First, it has some fine performers. These include two “Game of Thrones” actors who are always fun to watch — the mesmerizing Natalie Dormer and the consistently likable John Bradley.  (The latter seems to specialize in winning audiences over as the “hero’s-affable-friend” role.)  “Doctor Who” fans will of course recognize Matt Smith in the lead role.  But by far and away, they’re overshadowed by a fantastic performance by Stanley Tucci as the zombies’ surprisingly eloquent leader.  (More on that in a moment.)  Tucci is truly a great actor and he makes a perfectly menacing bad guy; his voice, diction and line delivery are goddam perfect.  His talent for voicing a magnetic, highly intelligent antagonist reminds me of Jeffrey Dean Morgan’s portrayal of Negan on “The Walking Dead,” or one of the better “big bads” seen on “24” (2001 – 2014).
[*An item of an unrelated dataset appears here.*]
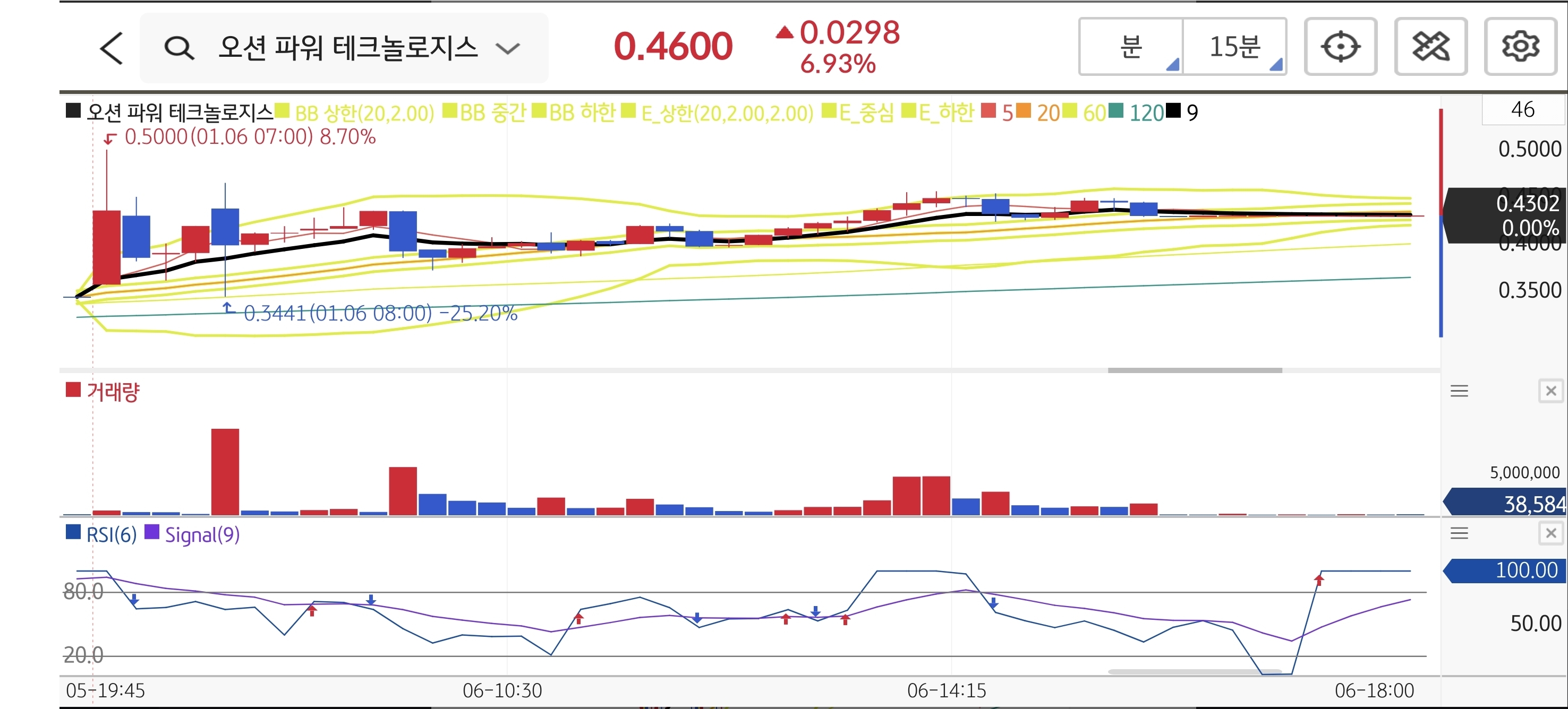 국토안보부(DHS) 계약 호재가 동전주의 가벼운 시총과 만나 시너지를 냈습니다. 시초가가 $0.4341로 갭상승 출발하여 추천가($0.39)보다 높게 시작했지만, 장중 $0.46까지 상승하며 추가 수익 구간을 주었습니다. 종가 역시 상승세를 유지하며 마감해, 갭상승 후 무너지지 않고 버티는 힘을 보여주었습니다.

Second, there are some really clever ideas hiding under this thin, hasty script.  (I strongly get the sense that “Patient Zero” was a rush job for screenwriter Mike Le and director Vincent Newman.)  The hyper-kinetic zombies here are afflicted with “super-rabies” and are reminiscent of their ilk from “28 Days Later.”  But there is a truly intriguing plot conceit — their roars and screams are perfectly intelligible to Smith’s protagonist.  He speaks their “language” because he’s infected, but also mysteriously asymptomatic.  When he interrogates the zombies for the military, their interaction is filmed as normal dialogue (creating the opportunity for Tucci’s terrific turn here).  Then things get even more interesting when it’s demonstrated that the ostensibly mindless zombies are quite proficient at planning an attack.

I … might be treating this movie a bit charitably simply because I liked some of its ingredients.  Again, I don’t actually recommend it.  But your mileage may vary.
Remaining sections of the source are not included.